The funny part is that my little experiments didn’t lead to any groundbreaking photos. Most of them look similar unless you study them closely. But what changed was how I felt while shooting. Instead of scrolling through menus by habit, I started paying attention to what the light was actually doing. A few times I caught myself stopping mid-walk just to look at how the tone shifted as clouds passed. It sounds minor, but those pauses are exactly why I carry a camera in the first place.
What I learned, even if I’ll probably forget again
This trip taught me that understanding white balance isn’t about memorising Kelvin values or colour theory. It’s about noticing. It’s the same process that made me start with manual focus film cameras or shoot handheld at night until I figured out what worked. I’ve always learned by trial and error, by seeing what happens when you mess it up first. The incandescent astrophotography mistake proved that again. Even when it’s wrong, you still learn something.
I’m nowhere near ready to start setting custom white balance or carrying a grey card around, but thanks to Temu I have one haha. For now, it’s enough to know what each preset does and when to trust my eyes over the algorithm. It’s made me realise that photography isn’t just about exposure and composition, it’s also about colour temperature, tone, and how those small shifts change the way an image feels.
Looking back through the shots now, I can see the difference more clearly. The waterfalls look cooler and sharper than I remember, the pub scenes glow warmer, and the mountain air somehow feels visible in the light. Even if the technical side still confuses me half the time, it’s nice to see the connection between what I saw and what the camera recorded starting to make a bit more sense.

The real takeaway
If there’s a theme running through this trip, it’s that you learn more when you let yourself experiment without worrying about the outcome. I’ve had far more complex shoots that taught me less. Between the drone at the waterfalls, the near-disaster with the Fuji, the manual reading under the stars, and Bow pressing the shutter on an eighty-four-year-old camera, it was a week of reminders. Cameras are tools, but light is the language. And white balance, as dry as it sounds, is part of learning to speak that language properly.
It’s easy to let Auto WB handle everything and tell yourself you’ll fix the tones later in Lightroom. But there’s something satisfying about choosing the warmth or coolness in the moment, trusting how it looks instead of how it should look.

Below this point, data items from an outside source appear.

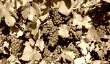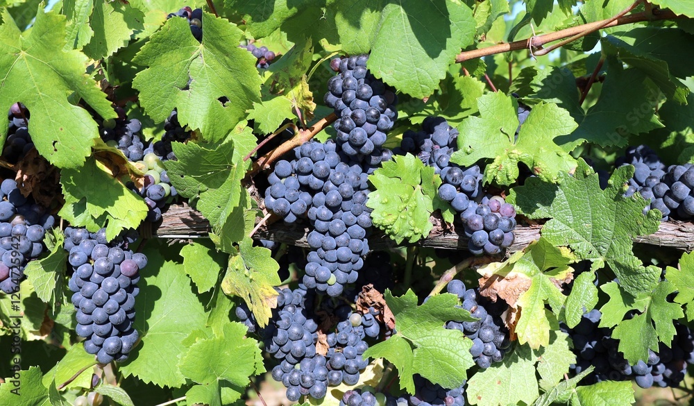 Pinot noir grapes ripening on vine under the sunlight in the end of summer.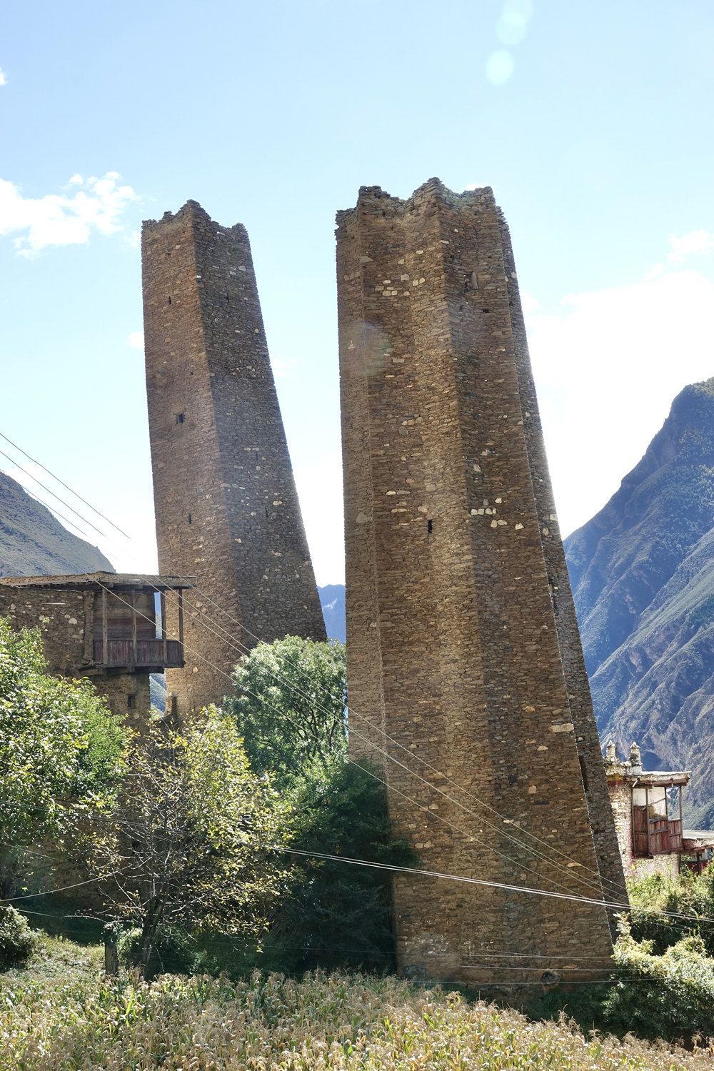 在它的后面三個碉樓特別吸引眼球。左邊第一座是五角碉,第二座是八角碉,第三座是常見的四角碉。李仁奇 攝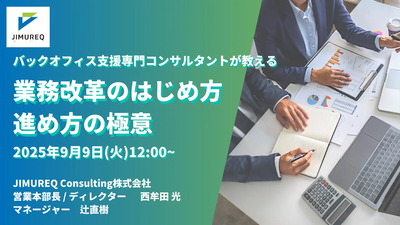 JIMUREQ Consulting株式会社(本社:東京都中央区、代表取締役:平野 涼)は、『バックオフィス支援専門コンサルタントが教える、業務改革のはじめ方・進め方の極意』セミナーを開催いたします。バックオフィス部門の方や業務改善・DXを検討されている方は必見の業務改革のはじめ方・進め方の極意をご紹介いたします。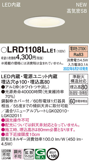 ■パナソニック LRD1108LLE1 ダウンライト60形電球色拡散 Panasonic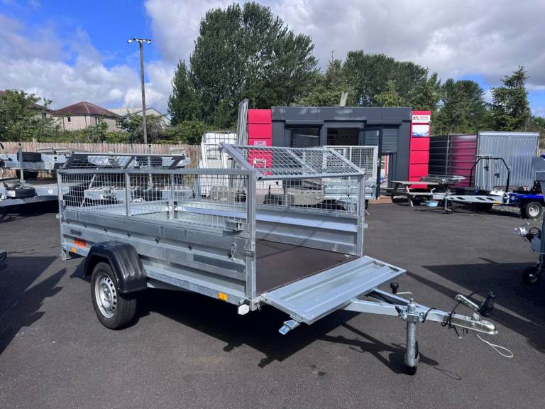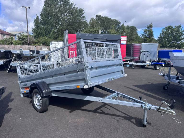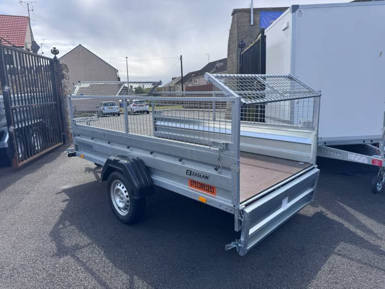 BRAND NEW ZASLAW 265SU 8,7FT X 4,4FT SINGLE AXLE TRAILER WITH 40CM MESH TIPPING 750KG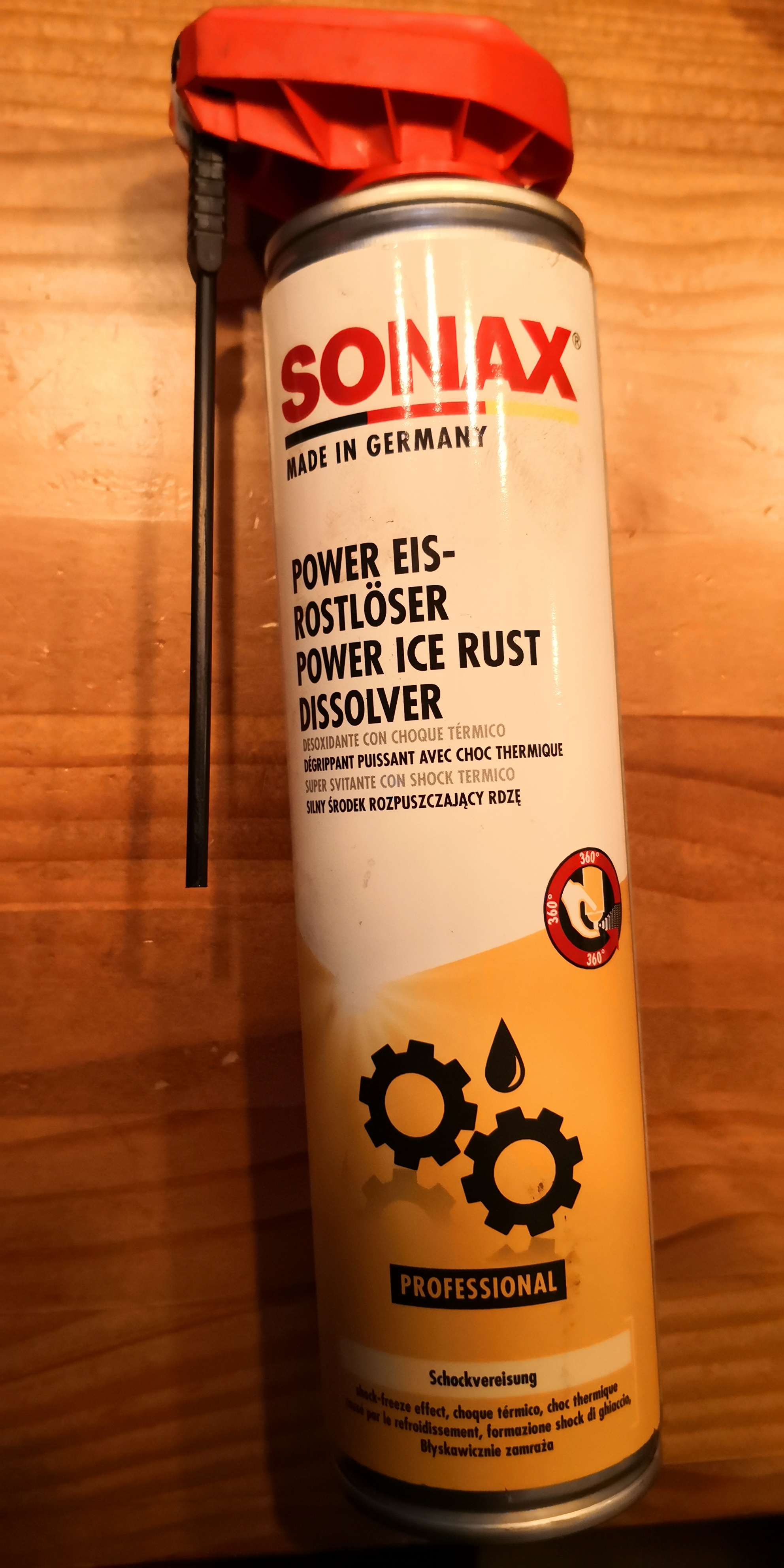 Zuerst unters Auto den neuen Rostlöser ausprobiert. Kannte ich auch noch nicht , also mit Vereisungstechnik und so. Und was soll ich sagen, super Produkt. Langer Schnorchel zum Klappen dran, da kommt man auch überkopf punktuell dahin wo es hin soll und saut nicht alles ein. Gerade am Wellrohr/Kat sollte man mit allen brennbaren Materialien sparsam und vorsichtig sein, sonst Brandgefahr bei der anschließenden Probefahrt. Also punktuell einsprühen und sofort Überschuss abwischen. Dann habe ich den Rostlöser erstmal mehrere Stunden einwirken lassen.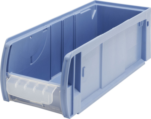 Aus bruchsicherem Polypropylen in taubenblau. Temperaturbeständig von -20 °C bis +80 °C. Stirnseitige Eingrifföffnung mit Schiebescheibe. Mit Etikettenhalter zur individuellen und klaren Beschriftung.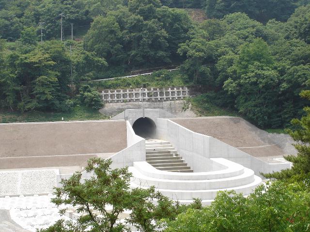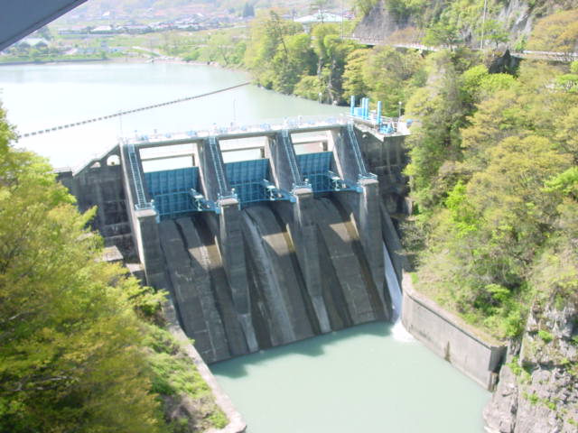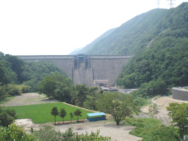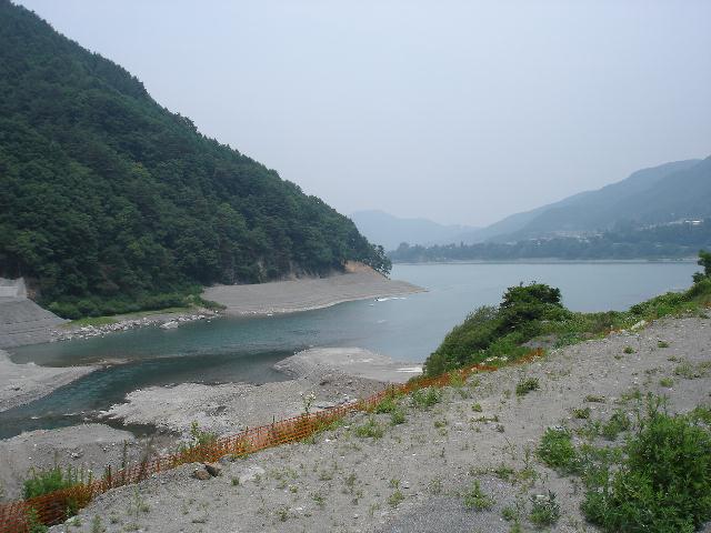 | ダム再生に初めて導入された導入水路抗。洪水時の土砂堆積を下流に流し ダムの堆積を防止延命を図る。 国内初めての施策。 下流の高遠ダムはどうなるだろう? 排水抗から僅かの距離で高遠ダム取り入れ口?(2005/07) |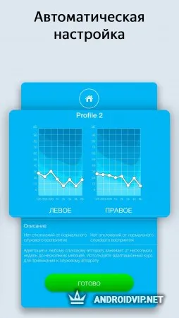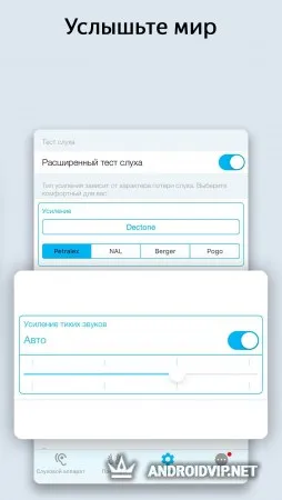 Приложение автоматически настроится под ваши особенности слуха, и установит определённый уровень громкости для каждого уха по отдельности. Присутствует функция адаптации под особенности окружающей среды, будь то шумный общественный транспорт, умеренная рабочая обстановка или тихий домашний уют. Звук усиливается до 30 дБ, при использовании штатных наушников. Благодаря умной динамической компрессии, программа усилит все тихие звуки при этом сохранив общий уровень громкости.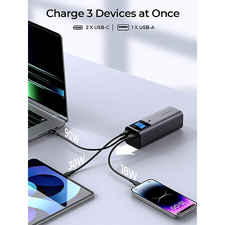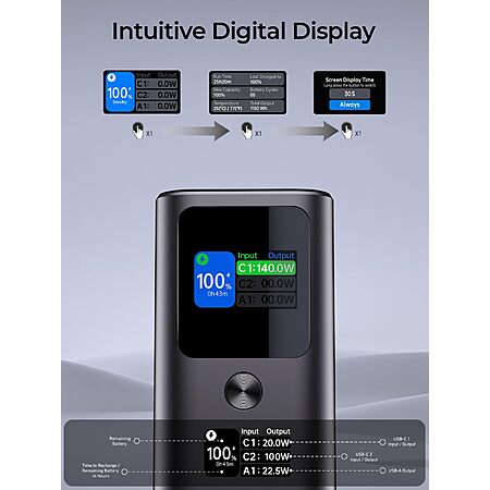 140W Fast Charging: With 140W PD 3.1 protocol output, it can power up 0-50% in 40 minutes for Macbook Pro 16". The impressive 140W input ensures the power bank fully charges within just 2 hours. Massive 27600mAh Capacity: Stores enough energy to charge iPhone 16 pro to 4.5 times, this power bank meets the charging demands of most laptops, it the perfect companion for air travel Charge 3 Devices Simultaneously: Equipped with USB-A and 2 USB-C ports, the portable charger lets you charge your laptop, phone, and tablet all at once. Intuitive Smart Digital Display: Keep track of your power bank's status effortlessly with the easy-to-read LCD digital display. It shows the output and input power levels, as well as the estimated time for a full recharge. Comprehensive Protection Features: Rest easy while charging your devices, as our power bank includes Entire Protect - a comprehensive protection system that guards against overcharging, overheating, overcurrent, overvoltage, short-circuits, and more.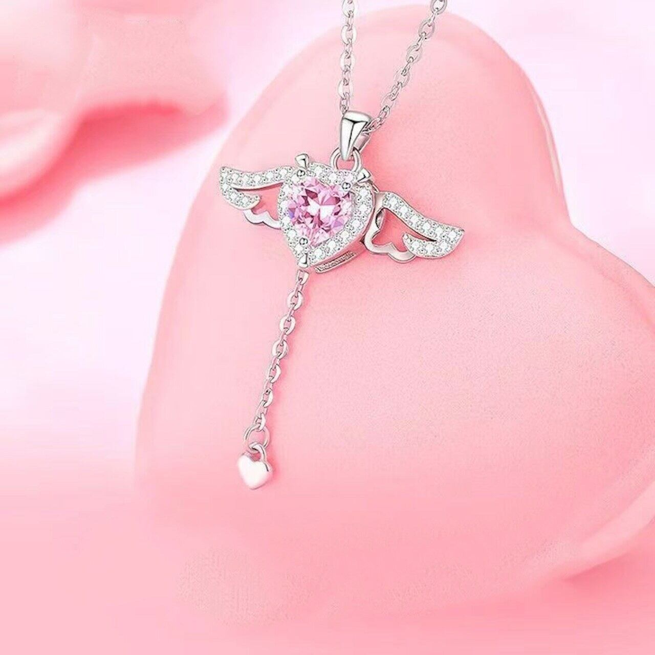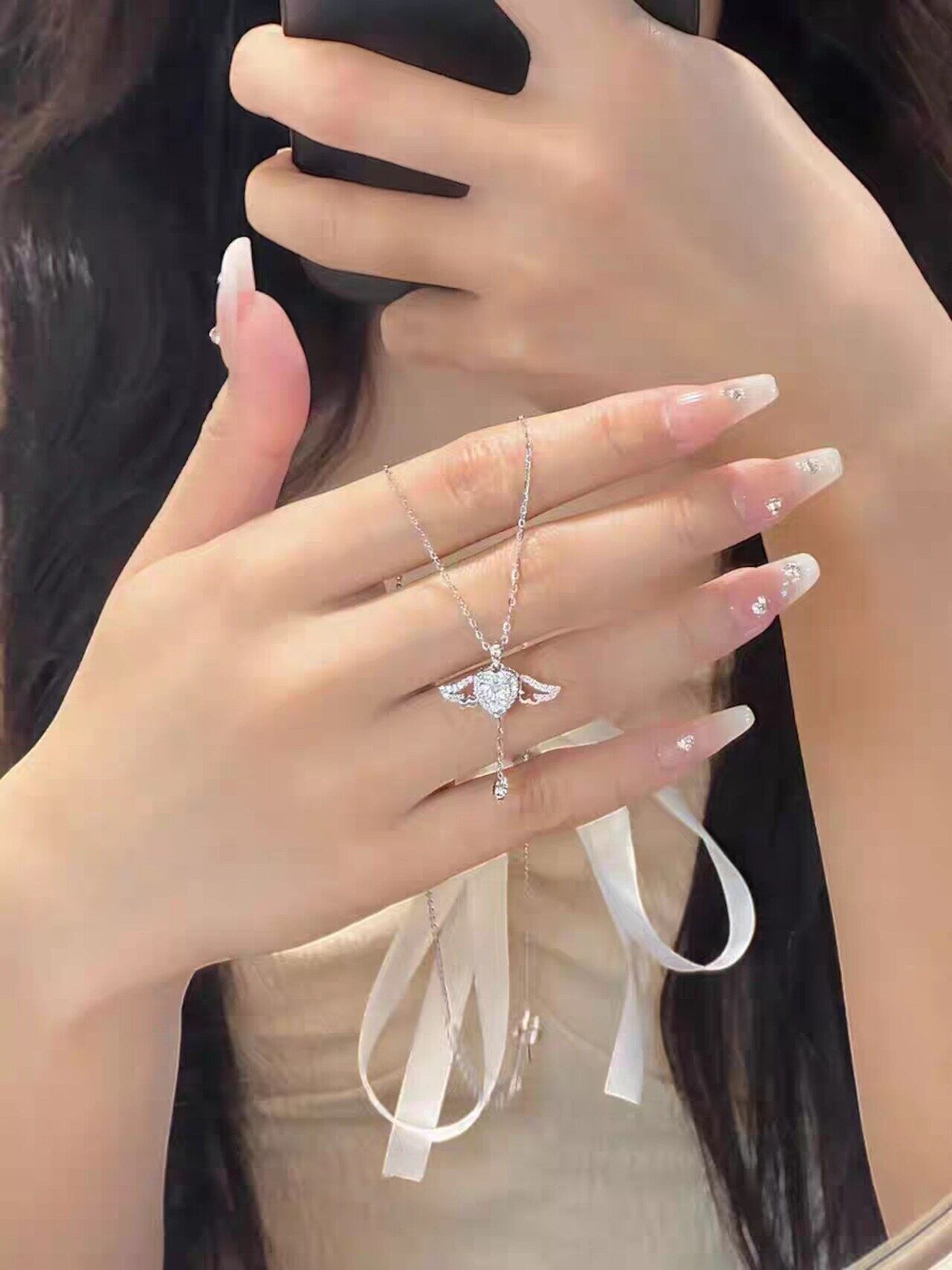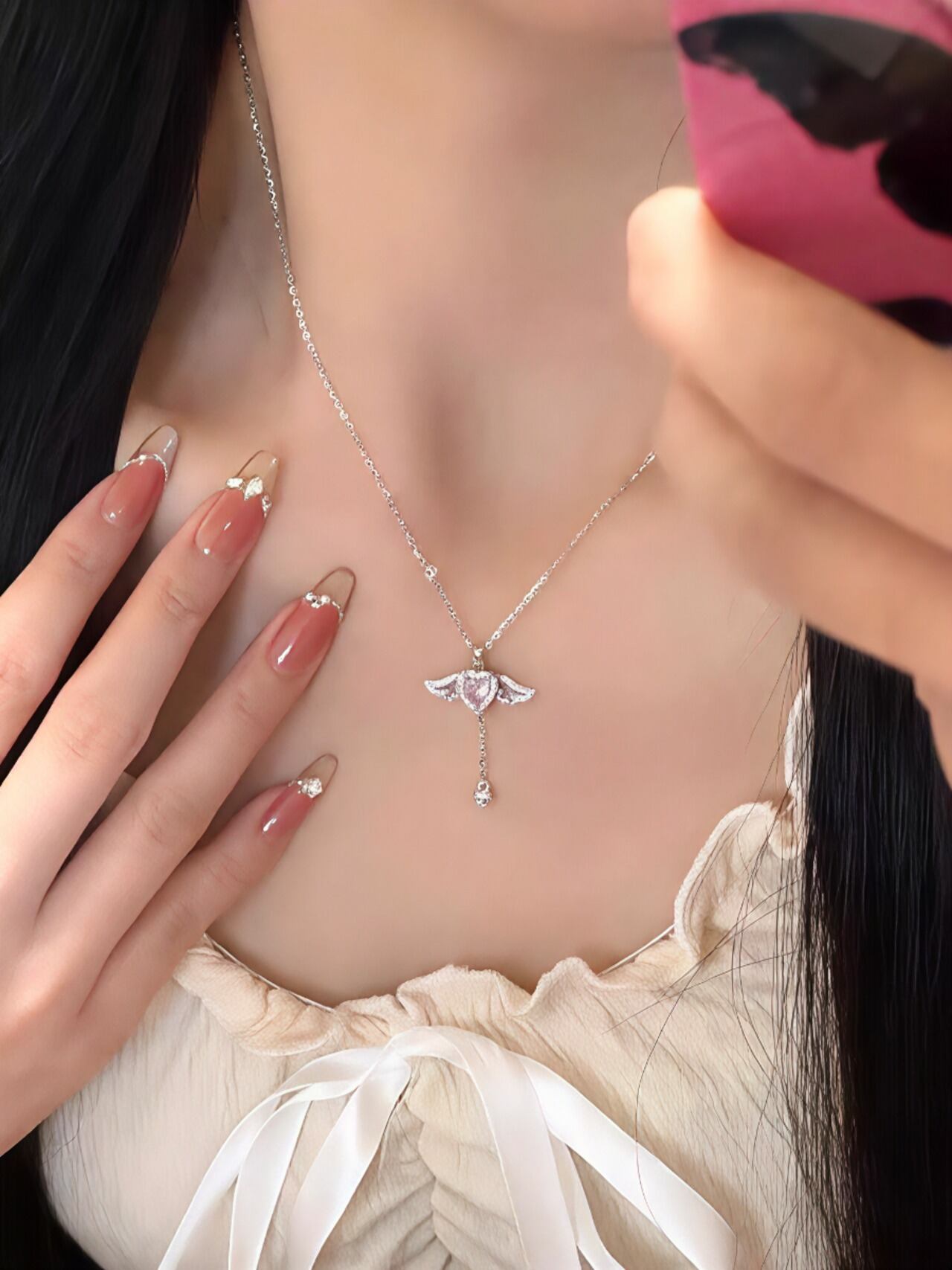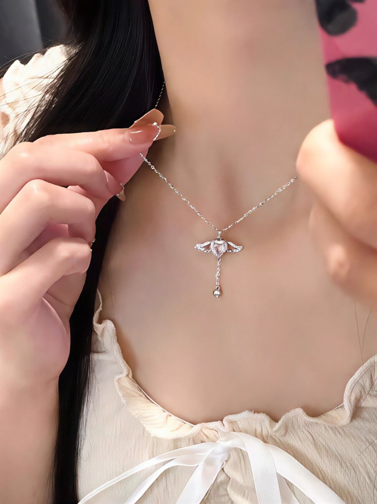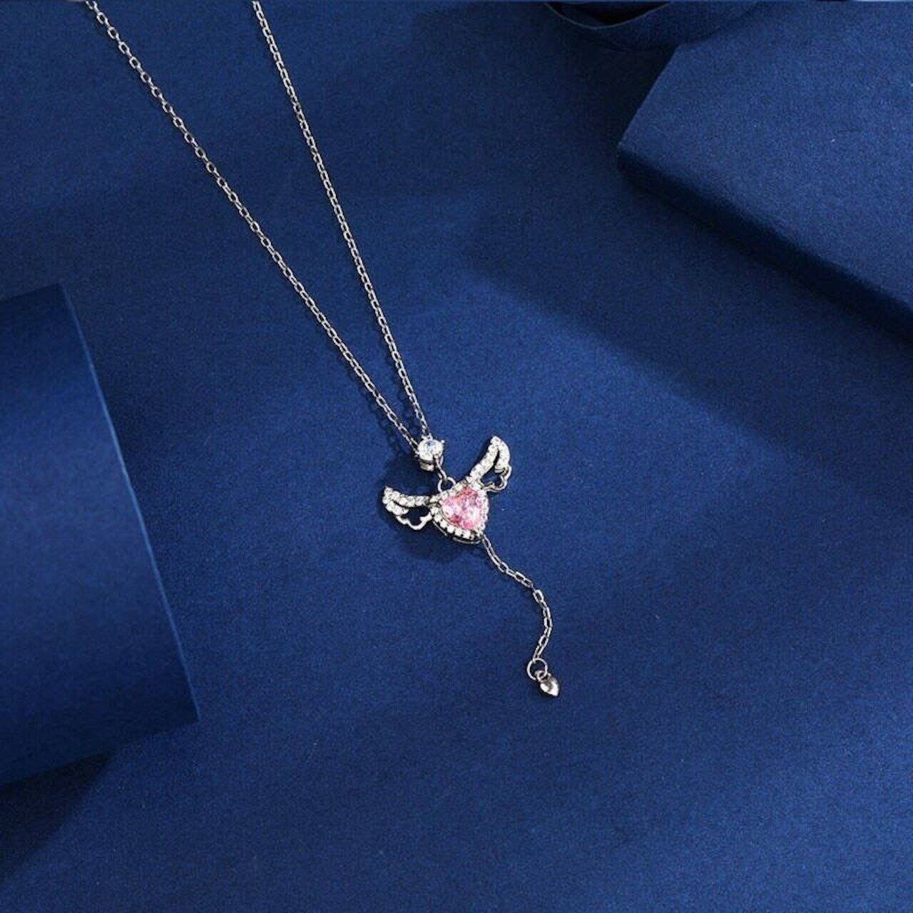 【S925銀】キューピッドハート ネックレス 天使の翼ペンダント

It makes you more aware of the real light around you rather than the version your camera assumes you want.
So if you’re like me and tend to leave white balance on auto, try turning it off for a day. Pick a preset, see what it does, and decide if it feels closer to what you actually saw. You’ll start noticing how much the camera’s interpretation can differ from your own. The technical side can come later. The main thing is to start seeing light in terms of colour, not just brightness.
As for me, I’ll take what I learned and probably forget half of it before the next trip. But that’s fine. Each time I go somewhere new, I pick up another piece of understanding. Between the rivers, the rolls of film, the drone batteries, and the countless attempts at getting light to behave, this week was one of those quietly valuable ones. And maybe that’s what photography is for me now: not chasing perfection, just paying attention.